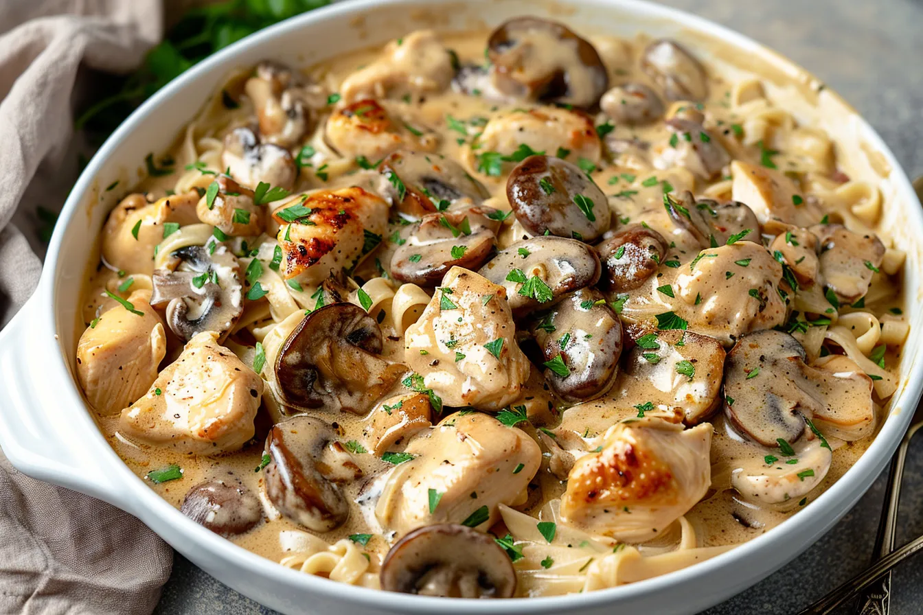 Creamy chicken stroganoff recipe Easy mushroom stroganoff dinner Quick chicken and mushroom
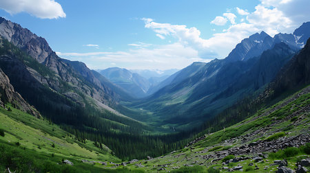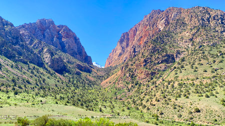 Picturesque gorge with rocky mountains and green slopes. Mountain range with a green valley with trees in between. Amazing nature of Tajikistan. Mountain view from Lake Iskanderkul
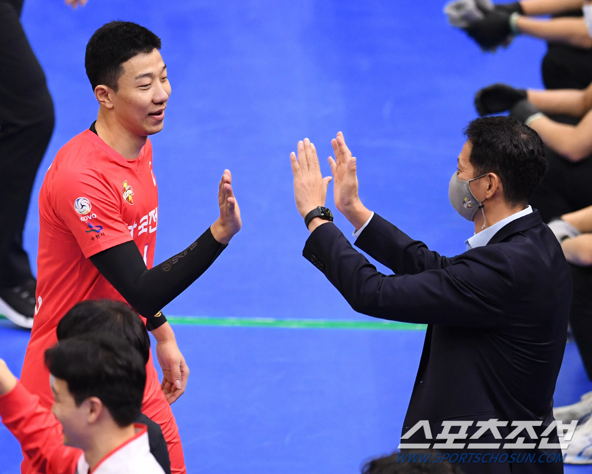트레이드를 통해 현대캐피탈 주전 세터가 된 장신세터 김명관에 대해선 "최태웅 감독을 만나 얼마되지 않았지만 시도가 과감해져 칭찬해주고 싶다. 장신 세터만의 매력이 있는 것 같다"고 전했다. 천안=김진회 기자 manu35@sportschosun.com

--------------------

What you are asked to do →
Each line from the one with "Picturesque gorge with" to the end of the material needs to be output word for word, with no picture included.

Written response →
 Picturesque gorge with rocky mountains and green slopes. Mountain range with a green valley with trees in between. Amazing nature of Tajikistan. Mountain view from Lake Iskanderkul
트레이드를 통해 현대캐피탈 주전 세터가 된 장신세터 김명관에 대해선 "최태웅 감독을 만나 얼마되지 않았지만 시도가 과감해져 칭찬해주고 싶다. 장신 세터만의 매력이 있는 것 같다"고 전했다. 천안=김진회 기자 manu35@sportschosun.com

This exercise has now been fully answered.